WHAT IS NEEDED – Each record that follows goes into your reply unchanged; the pictures do not.

Records excerpted from a collection:
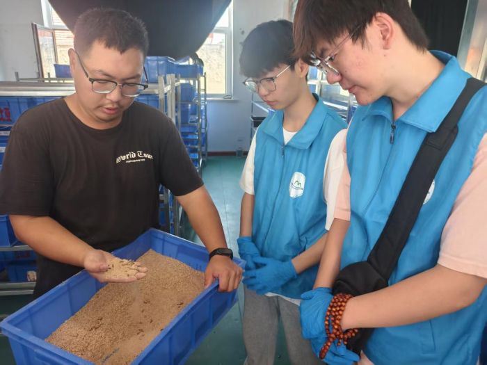 异虫培育是爬宠食品产业中的一个重要环节。技术人员向实践团成员解释,异虫培育即将异虫培育至完全变态,技术人员以目前企业培育的主要品类大麦虫为例详细介绍了异虫的生长环境、繁殖技术等方面的知识。在饲料方面,大麦虫的培养以麸子和蔬菜的混合物为主,营养配比经过专业调配以满足其生长需求。值得注意的是,大麦虫体质较脆弱,对生长环境要求极高,必须保证无毒无菌,因此培育场地需要定期进行严格的消毒杀菌,确保环境达标。目前,这些培育成熟的异虫已投入生产销售,受众群体主要为宠物食品领域。实践团成员们亲自参与了异虫的日常管理工作,如喂食、清洁和观察生长情况等。通过实际操作,成员们不仅学到了专业的养殖知识,还培养了自己的耐心和责任心。
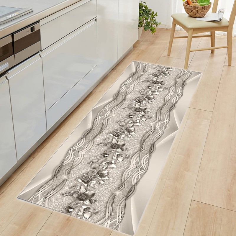 Arricchisci la tua cucina con il tappeto passatoia della Linea Iron, disponibile nella misura [XX x XX cm] in 100% poliestere. La raffinata stampa digitale 3D ad alta definizione riproduce una cascata floreale tridimensionale con fiori metallici e cornice ornamentale intrecciata con effetto glitter scintillante, disponibile in tre varianti colore: grigio argento, rosa cipria e oro. Il fondo antiscivolo garantisce stabilità e sicurezza durante l'uso quotidiano, mentre il materiale morbido e lavabile assicura una manutenzione semplice e rapida. Abbinalo agli altri accessori della Linea Iron per un coordinato cucina di grande effetto e stile.
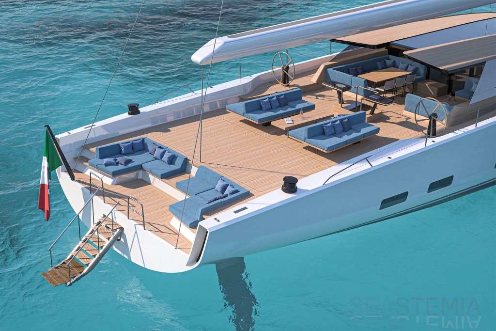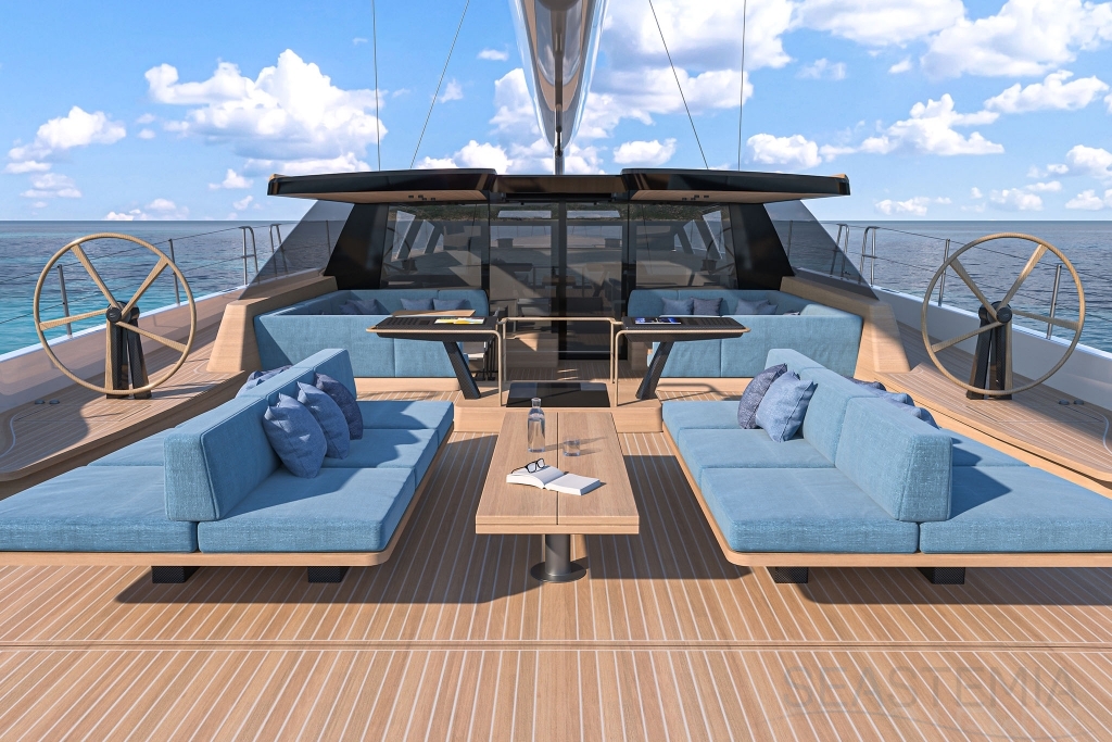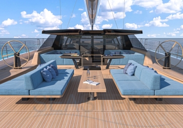 Cockpit space is on a whole different scale, with three distinct zones that run aft to the sofas around the beach club - there’s room to entertain 20 or more guests here in extraordinary comfort and style.
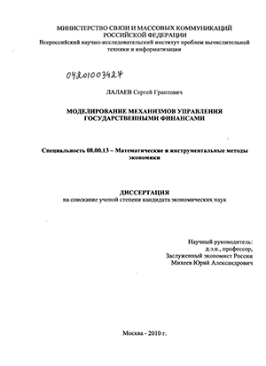 Целью диссертационного исследования является разработка методики моделирования механизмов управления государственными финансами на единой базе экономико-математического моделирования.
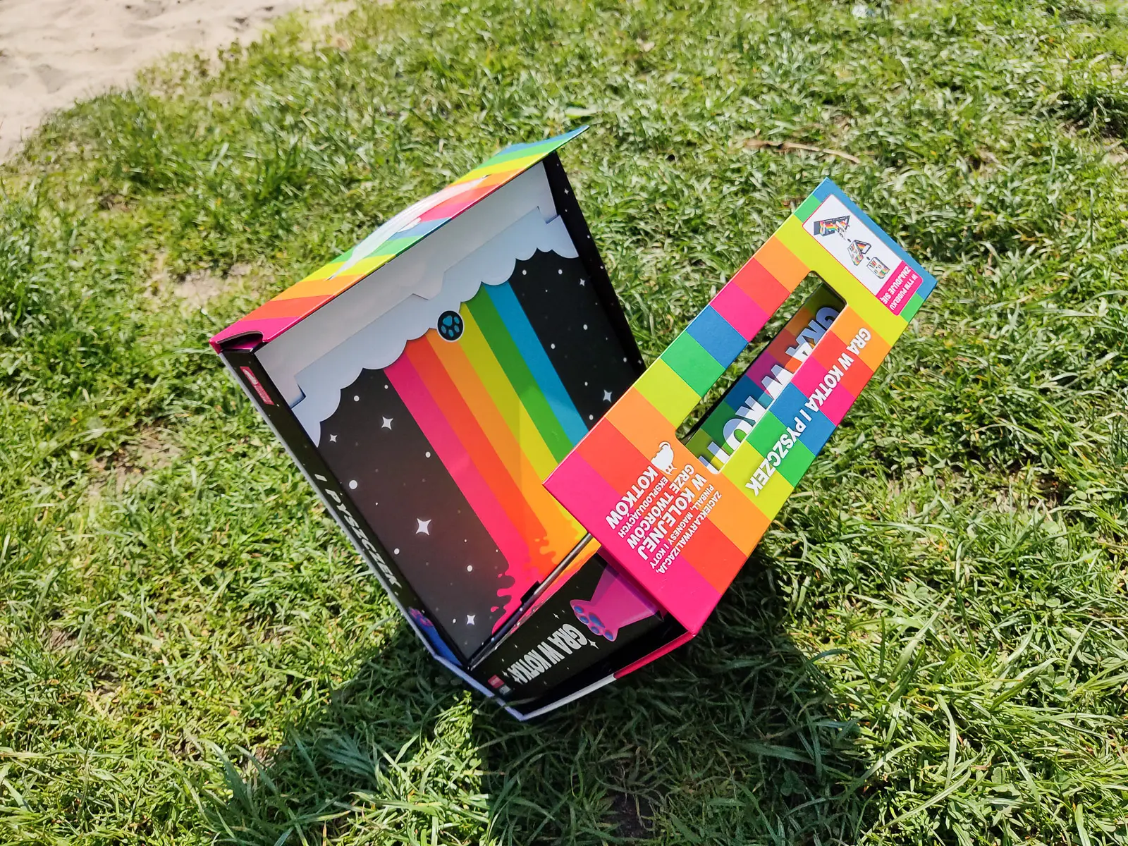 “Gra w kotka i w pyszczek” mieści się w dużym, jak się okazuje wielofunkcyjnym pudełku, który imituje walizkę (poprzez posiadany uchwyt). Mieszczą się w niej wszystkie elementy gry. Poręczne opakowanie idealnie nadaje się, by grę zabrać na piknik czy do znajomych.
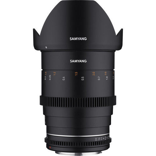 Update your cinema lens set with this 35mm T1.5 VDSLR MK2 Cine Lens from Samyang that comes in a Canon EF mount. The VDSLR MK2 continues the line with the same multilayer coating process, industry-standard geared focus and iris rings, and fast T1.5 aperture, and it adds a 9-blade iris for beautiful soft bokeh, weather sealing to keep the moisture out, and focal lengths on both sides for added versatility for focus pullers.This 35mm lens produces a 63.1° coverage when used with full-frame cameras. Aspherical lenses render sharply defined images with a minimum of distortion and chromatic aberrations, with a minimum focus distance of just under 1' from the lens. The 9-blade iris also allows you to create up to a stunning 18-ray starburst when you're stopped all the way down.A removable petal-shaped lens hood provides flare protection when shooting without a matte box, and the lens' threaded front accepts a 77mm filter ring.
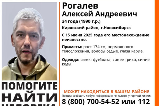 В Кировском районе Новосибирска шесть дней назад бесследно исчез 34-летний Алексей Рогалев. Поисковый отряд «Лиза Алерт Новосибирск» просит сообщить об его местонахождении.
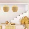 【Todo natural y ecológico】Esta Lámpara colgante de ratán tejida a mano está hecha de bambú 100% natural con una estructura resistente y accesorios resistentes al calor.
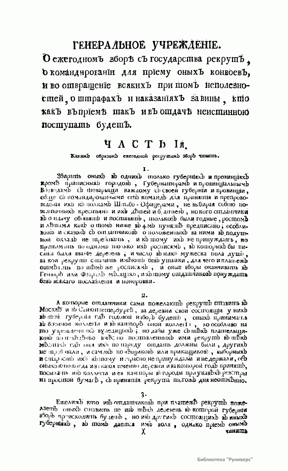 Генеральное учрежденiе. О ежегодномъ зборѣ съ государства рекрутъ, о командированiи для прiема оныхъ конвоевъ, и во отвращенiе всякихъ при томъ неполезностей, о штрафахъ и наказанiяхъ за вины, кто какъ въ приемѣ такъ и въ отдачѣ неистинною поступать будетѣ

RESPONSE TO THIS TASK –
 异虫培育是爬宠食品产业中的一个重要环节。技术人员向实践团成员解释,异虫培育即将异虫培育至完全变态,技术人员以目前企业培育的主要品类大麦虫为例详细介绍了异虫的生长环境、繁殖技术等方面的知识。在饲料方面,大麦虫的培养以麸子和蔬菜的混合物为主,营养配比经过专业调配以满足其生长需求。值得注意的是,大麦虫体质较脆弱,对生长环境要求极高,必须保证无毒无菌,因此培育场地需要定期进行严格的消毒杀菌,确保环境达标。目前,这些培育成熟的异虫已投入生产销售,受众群体主要为宠物食品领域。实践团成员们亲自参与了异虫的日常管理工作,如喂食、清洁和观察生长情况等。通过实际操作,成员们不仅学到了专业的养殖知识,还培养了自己的耐心和责任心。
 Arricchisci la tua cucina con il tappeto passatoia della Linea Iron, disponibile nella misura [XX x XX cm] in 100% poliestere. La raffinata stampa digitale 3D ad alta definizione riproduce una cascata floreale tridimensionale con fiori metallici e cornice ornamentale intrecciata con effetto glitter scintillante, disponibile in tre varianti colore: grigio argento, rosa cipria e oro. Il fondo antiscivolo garantisce stabilità e sicurezza durante l'uso quotidiano, mentre il materiale morbido e lavabile assicura una manutenzione semplice e rapida. Abbinalo agli altri accessori della Linea Iron per un coordinato cucina di grande effetto e stile.
 Cockpit space is on a whole different scale, with three distinct zones that run aft to the sofas around the beach club - there’s room to entertain 20 or more guests here in extraordinary comfort and style.
 Целью диссертационного исследования является разработка методики моделирования механизмов управления государственными финансами на единой базе экономико-математического моделирования.
 “Gra w kotka i w pyszczek” mieści się w dużym, jak się okazuje wielofunkcyjnym pudełku, który imituje walizkę (poprzez posiadany uchwyt). Mieszczą się w niej wszystkie elementy gry. Poręczne opakowanie idealnie nadaje się, by grę zabrać na piknik czy do znajomych.
 Update your cinema lens set with this 35mm T1.5 VDSLR MK2 Cine Lens from Samyang that comes in a Canon EF mount. The VDSLR MK2 continues the line with the same multilayer coating process, industry-standard geared focus and iris rings, and fast T1.5 aperture, and it adds a 9-blade iris for beautiful soft bokeh, weather sealing to keep the moisture out, and focal lengths on both sides for added versatility for focus pullers.This 35mm lens produces a 63.1° coverage when used with full-frame cameras. Aspherical lenses render sharply defined images with a minimum of distortion and chromatic aberrations, with a minimum focus distance of just under 1' from the lens. The 9-blade iris also allows you to create up to a stunning 18-ray starburst when you're stopped all the way down.A removable petal-shaped lens hood provides flare protection when shooting without a matte box, and the lens' threaded front accepts a 77mm filter ring.
 В Кировском районе Новосибирска шесть дней назад бесследно исчез 34-летний Алексей Рогалев. Поисковый отряд «Лиза Алерт Новосибирск» просит сообщить об его местонахождении.
 【Todo natural y ecológico】Esta Lámpara colgante de ratán tejida a mano está hecha de bambú 100% natural con una estructura resistente y accesorios resistentes al calor.
 Генеральное учрежденiе. О ежегодномъ зборѣ съ государства рекрутъ, о командированiи для прiема оныхъ конвоевъ, и во отвращенiе всякихъ при томъ неполезностей, о штрафахъ и наказанiяхъ за вины, кто какъ въ приемѣ такъ и въ отдачѣ неистинною поступать будетѣ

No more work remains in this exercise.